Bazıları biraz erken kalkmak zorunda kalmaktan ve Parlak Kale savaşı sırasında fazlasıyla maruz kaldıkları girişimci hırslarına karşı savaşmaktan açıkça memnun olmasalar bile, yine de Sunny’yi görmekten açıkça mutluydular. Kısa süre sonra, omzu aldığı tüm dostça tokatlardan biraz incinmeye başladı.
“Şuna bakar mısın! Bu lanet olası adalarda dört ay geçirdik ve ilk kez yollarımız gerçekten kesişiyor!”
“Nasılsın Sunny?”
“Ah! Seni Sığınak’ta özlediğimiz için çok üzüldüm. Ziyaret etmeye karar verdiğine sevindim!”

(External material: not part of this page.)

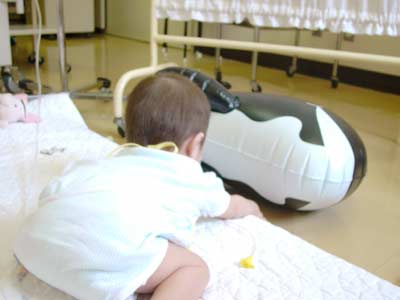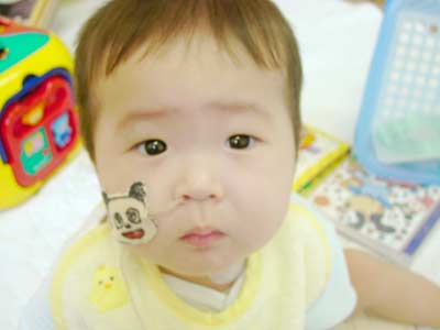 目をあけたのでおむつを替えてあげる。ムクッと起き上がり遊び始める。

Sunny zayıf bir şekilde gülümsedi ve selamlarına cevap verdi, hem içeride garip bir şekilde sıcak hem de tüm ilgiden son derece rahatsız hissetti.
Gerçeği söylemek gerekirse… Onlarla tekrar karşılaştığına da sevindi. Unutulmuş Sahil’den kimsenin kaçtığına hala inanamıyordu, bazıları şu anda önünde olan yüzlerce genç erkek ve kadın bir yana.
Selamlaşma bittikten sonra etrafına baktı ve bir kaşını kaldırdı.
“Şey… Tabii, çocuklar. Keza. Ama Cassie nerede?”
İtfaiye Muhafızları birbirlerine baktılar, sonra içlerinden biri gülümsedi.
“Ah, doğru! Onu görmek için ölüyor olmalısın.”
‘… Tam olarak değil.’
Konuşan kız başını salladı ve kamptan uzakta bir yere giden bir patikaya doğru döndü.
“Hadi gidelim. Seni alacağım.”
… Kamptan çok uzak olmayan bir yerde, ölü ağaçlardan birinin köklerinin yakınında derin bir çukur kazıldı. Yanında, sırtı ona dönük, soluk sarı saçlı narin bir kız ve kemerinde bir kınında asılı zarif bir meç duruyordu.
Ayak seslerini duyan Cassie arkasını döndü. Yüzünde küçük bir gülümseme belirdi.
“Güneşli. Başardın…”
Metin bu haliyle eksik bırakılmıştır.